**PROBLEM STATEMENT**
Begin with the first line of the material and write out each line exactly, ending with the line that contains "February 22, 2026". Pictures are not part of the copy.
◆ ◆ ◆ ◆ ◆ ◆ ◆
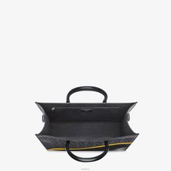 interior forrado, inserciones diagonales de piel amarilla, bolsillo con cremallera y detalles metálicos con acabado paladio.
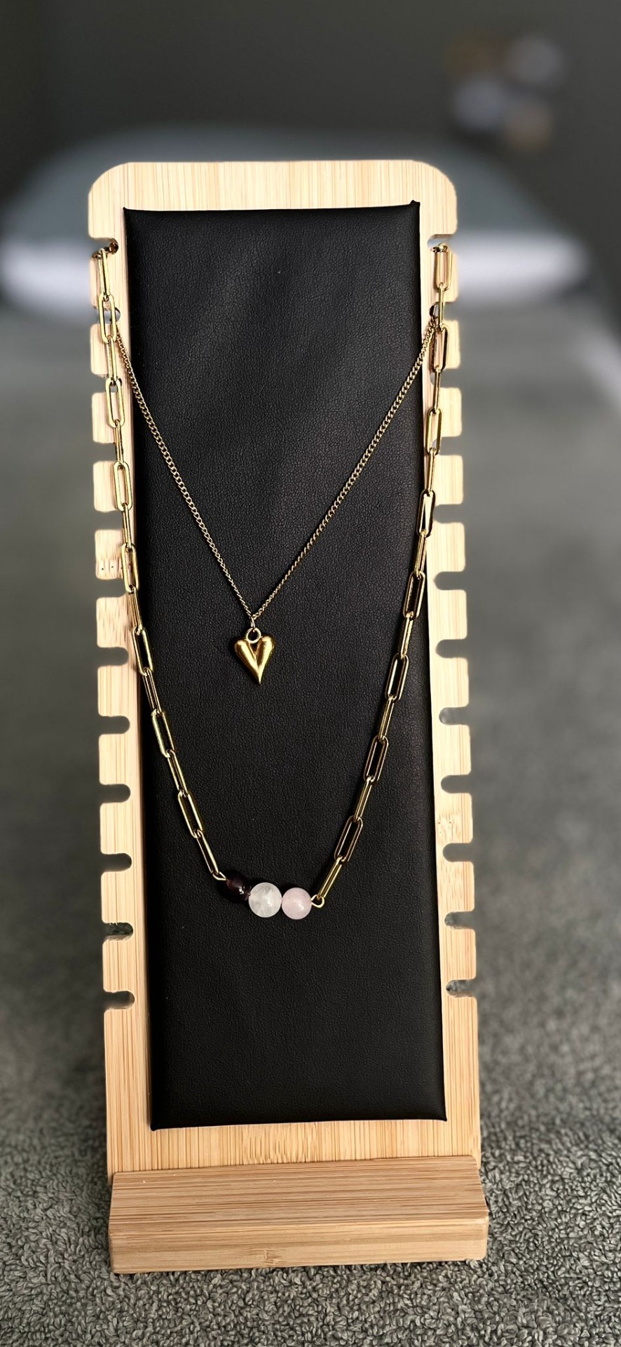 De gelaagde uitstraling geeft dit sieraad een speelse elegantie, terwijl het hartje een liefdevolle boodschap draagt: begin bij jezelf.
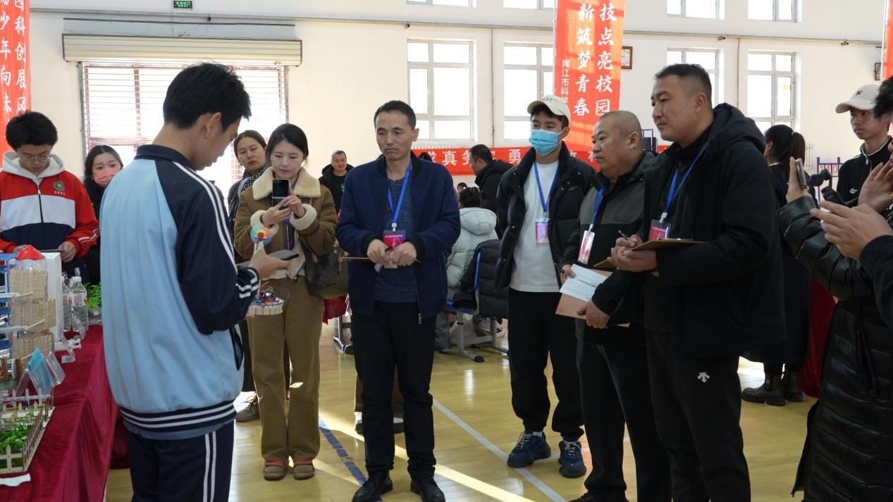 同江市第一小学体育馆内比赛气氛热烈,桌面上各种设计产品精细还原了三江口生态旅游区同三公路标志塔、同江中俄铁路大桥等同江元素,展现了学子们对家乡建设的深切关注;充满创意的“神舟二十一号”航天模型与空间站装置,则承载着他们探索宇宙的远大梦想。参赛学生化身为“小小发明家”,结合模型,向评委自信讲解创作理念。评委团聆听后,从多种维度进行现场打分,确保了赛事全程公平、公正与高效。
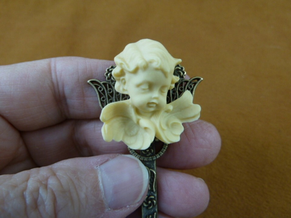 (cxs60-1) 3-D Cherub with curly wings CAMEO brass hair stick pin accessory
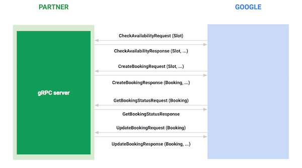 Implement an API interface based on gRPC. This allows Google to send booking requests. The API surface is defined using gRPC's protobuf based IDL.
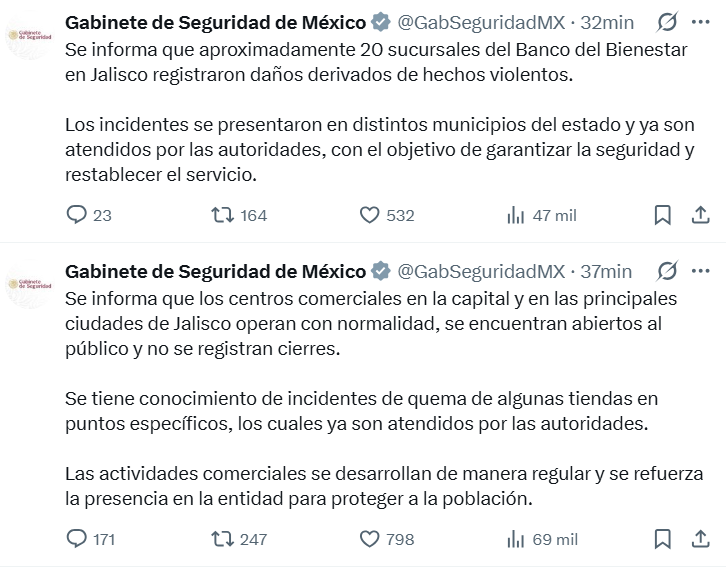 — Gabinete de Seguridad de México (@GabSeguridadMX) February 22, 2026
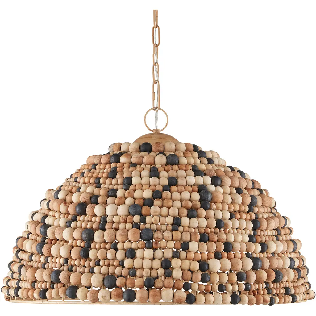 The Medley Pendant has an pebbly feel to its surface thanks to the wood beads that not only differ in size, but also in color -- natural, tan, and black. Clarence Mallari, who designed this dome-shaped pendant, notes how the wires are welded together to accommodate the different bead sizes and how the fixture looks beautiful when viewed from underneath.
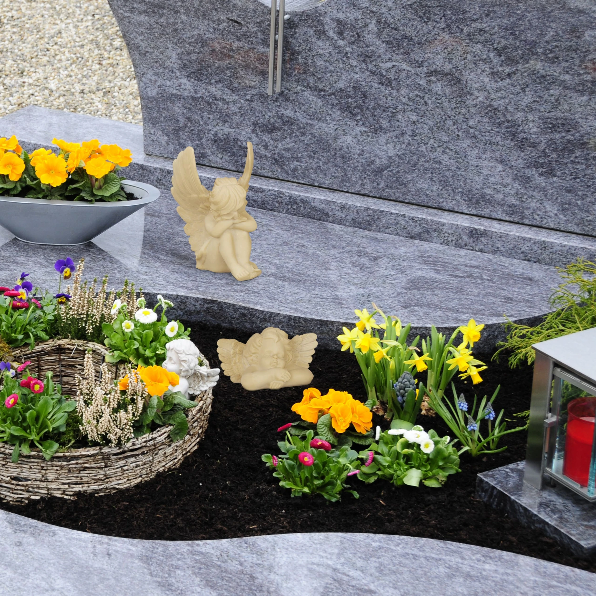 Platzieren Sie die Schutzengel als Schmuck auf dem Grab des Verstorbenen. Die Engel stehen dabei für eine Verbindung zwischen den Menschen auf der Erde und dem Himmel. Dadurch können Sie über die Beerdigung hinaus Liebe und Verbundenheit mit dem geliebten Menschen ausdrücken. Durch das wetter- und frostfeste Material werden die Engel zu langlebigen Begleitern auf dem Friedhof und können das ganze Jahr über draußen stehen bleiben.
◆ ◆ ◆ ◆ ◆ ◆ ◆
**TASK RESPONSE**
 interior forrado, inserciones diagonales de piel amarilla, bolsillo con cremallera y detalles metálicos con acabado paladio.
 De gelaagde uitstraling geeft dit sieraad een speelse elegantie, terwijl het hartje een liefdevolle boodschap draagt: begin bij jezelf.
 同江市第一小学体育馆内比赛气氛热烈,桌面上各种设计产品精细还原了三江口生态旅游区同三公路标志塔、同江中俄铁路大桥等同江元素,展现了学子们对家乡建设的深切关注;充满创意的“神舟二十一号”航天模型与空间站装置,则承载着他们探索宇宙的远大梦想。参赛学生化身为“小小发明家”,结合模型,向评委自信讲解创作理念。评委团聆听后,从多种维度进行现场打分,确保了赛事全程公平、公正与高效。
 (cxs60-1) 3-D Cherub with curly wings CAMEO brass hair stick pin accessory
 Implement an API interface based on gRPC. This allows Google to send booking requests. The API surface is defined using gRPC's protobuf based IDL.
 — Gabinete de Seguridad de México (@GabSeguridadMX) February 22, 2026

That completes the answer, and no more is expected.